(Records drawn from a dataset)
§

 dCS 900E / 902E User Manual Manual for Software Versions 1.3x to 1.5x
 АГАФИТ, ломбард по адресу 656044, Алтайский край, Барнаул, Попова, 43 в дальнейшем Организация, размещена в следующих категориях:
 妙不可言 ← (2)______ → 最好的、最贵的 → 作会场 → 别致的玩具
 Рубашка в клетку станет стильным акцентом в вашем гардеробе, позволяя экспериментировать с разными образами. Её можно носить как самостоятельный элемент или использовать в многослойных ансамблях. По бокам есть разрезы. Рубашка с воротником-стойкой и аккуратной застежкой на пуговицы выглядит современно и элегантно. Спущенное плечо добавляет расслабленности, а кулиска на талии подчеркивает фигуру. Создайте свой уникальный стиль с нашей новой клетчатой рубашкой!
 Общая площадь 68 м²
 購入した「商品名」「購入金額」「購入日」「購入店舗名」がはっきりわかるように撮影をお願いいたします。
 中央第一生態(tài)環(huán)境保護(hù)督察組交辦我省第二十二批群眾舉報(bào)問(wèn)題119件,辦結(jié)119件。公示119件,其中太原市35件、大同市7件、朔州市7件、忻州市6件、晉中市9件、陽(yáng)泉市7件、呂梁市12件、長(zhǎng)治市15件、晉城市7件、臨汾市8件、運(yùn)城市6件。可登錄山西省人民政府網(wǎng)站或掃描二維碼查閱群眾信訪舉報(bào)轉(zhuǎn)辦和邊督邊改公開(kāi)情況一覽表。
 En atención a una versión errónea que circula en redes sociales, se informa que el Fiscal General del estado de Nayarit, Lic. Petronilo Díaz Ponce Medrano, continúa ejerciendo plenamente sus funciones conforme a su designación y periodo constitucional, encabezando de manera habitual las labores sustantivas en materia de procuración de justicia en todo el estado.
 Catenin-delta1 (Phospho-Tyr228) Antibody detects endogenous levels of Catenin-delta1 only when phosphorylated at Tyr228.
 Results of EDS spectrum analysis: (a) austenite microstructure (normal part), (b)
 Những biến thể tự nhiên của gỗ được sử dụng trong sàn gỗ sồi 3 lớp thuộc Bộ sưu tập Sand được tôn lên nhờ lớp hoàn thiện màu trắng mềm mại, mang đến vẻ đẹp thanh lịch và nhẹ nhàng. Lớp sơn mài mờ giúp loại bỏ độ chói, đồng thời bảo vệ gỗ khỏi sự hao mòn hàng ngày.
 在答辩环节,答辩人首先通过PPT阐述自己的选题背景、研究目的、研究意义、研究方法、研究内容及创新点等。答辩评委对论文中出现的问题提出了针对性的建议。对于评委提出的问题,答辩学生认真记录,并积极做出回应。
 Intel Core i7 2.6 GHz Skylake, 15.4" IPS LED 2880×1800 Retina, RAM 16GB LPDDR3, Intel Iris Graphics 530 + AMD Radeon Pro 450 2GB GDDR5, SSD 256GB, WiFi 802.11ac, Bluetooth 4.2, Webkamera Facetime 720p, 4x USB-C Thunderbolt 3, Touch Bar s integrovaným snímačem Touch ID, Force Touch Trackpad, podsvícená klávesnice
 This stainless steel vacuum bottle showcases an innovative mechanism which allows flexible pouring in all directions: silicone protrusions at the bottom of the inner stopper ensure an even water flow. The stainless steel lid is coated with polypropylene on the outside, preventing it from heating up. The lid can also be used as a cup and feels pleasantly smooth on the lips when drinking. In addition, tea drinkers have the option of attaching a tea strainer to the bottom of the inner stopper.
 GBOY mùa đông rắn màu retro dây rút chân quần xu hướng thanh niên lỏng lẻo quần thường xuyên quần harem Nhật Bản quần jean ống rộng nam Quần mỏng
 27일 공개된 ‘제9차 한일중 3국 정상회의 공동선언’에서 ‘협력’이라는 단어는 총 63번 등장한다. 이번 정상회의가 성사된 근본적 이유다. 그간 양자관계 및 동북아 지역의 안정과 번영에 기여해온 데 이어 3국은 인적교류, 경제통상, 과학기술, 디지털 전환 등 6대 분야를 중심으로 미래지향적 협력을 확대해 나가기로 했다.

§

Reproduce every line above that contains the string "when".

 Catenin-delta1 (Phospho-Tyr228) Antibody detects endogenous levels of Catenin-delta1 only when phosphorylated at Tyr228.
 This stainless steel vacuum bottle showcases an innovative mechanism which allows flexible pouring in all directions: silicone protrusions at the bottom of the inner stopper ensure an even water flow. The stainless steel lid is coated with polypropylene on the outside, preventing it from heating up. The lid can also be used as a cup and feels pleasantly smooth on the lips when drinking. In addition, tea drinkers have the option of attaching a tea strainer to the bottom of the inner stopper.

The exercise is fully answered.